**TASK STATEMENT:** Each line below must be reproduced exactly, though the pictures are to be dropped.

**DATASET EXTRACT:**
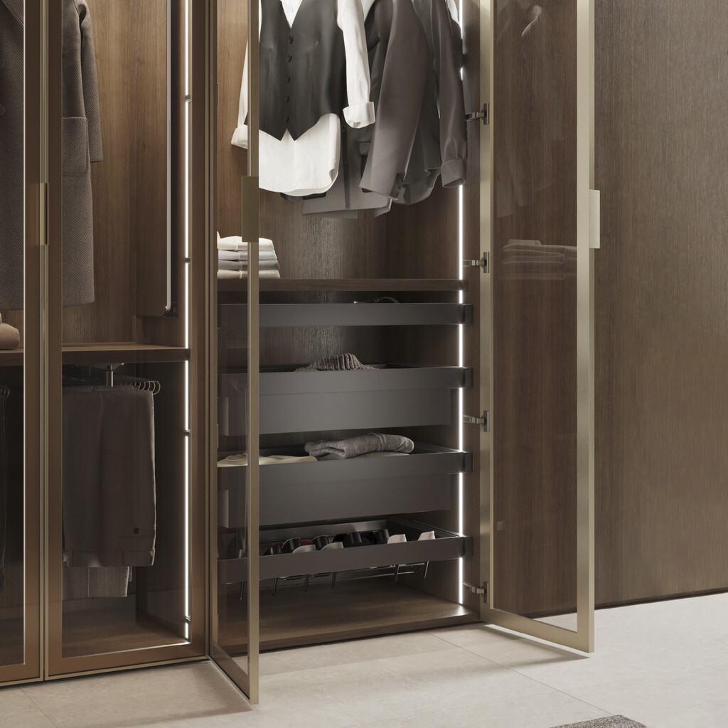 Perfil de alumínio para fazer armários de exposição ou portas para roupeiros. Para vidro de 4 mm de espessura.
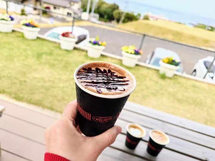 ドリンクには、茨城県ひたちなか市に本店がある高品質なコーヒー豆と焙煎にこだわる「SAZA COFFEE(サザコーヒー)」を使っています。参拝者も「サザコーヒーだ!」と喜んでいました。
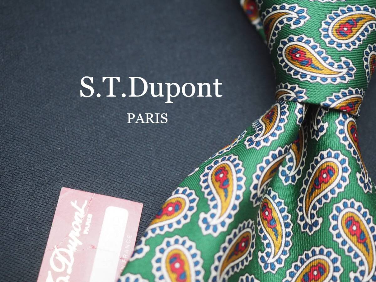 - 未使用品【S.T.Dupont デュポン】 G2414 グリーン系 ペイズリー SILK ブランド ネクタイ 古着 良品 転売 仕入

**WRITTEN SOLUTION:**
 Perfil de alumínio para fazer armários de exposição ou portas para roupeiros. Para vidro de 4 mm de espessura.
 ドリンクには、茨城県ひたちなか市に本店がある高品質なコーヒー豆と焙煎にこだわる「SAZA COFFEE(サザコーヒー)」を使っています。参拝者も「サザコーヒーだ!」と喜んでいました。
 - 未使用品【S.T.Dupont デュポン】 G2414 グリーン系 ペイズリー SILK ブランド ネクタイ 古着 良品 転売 仕入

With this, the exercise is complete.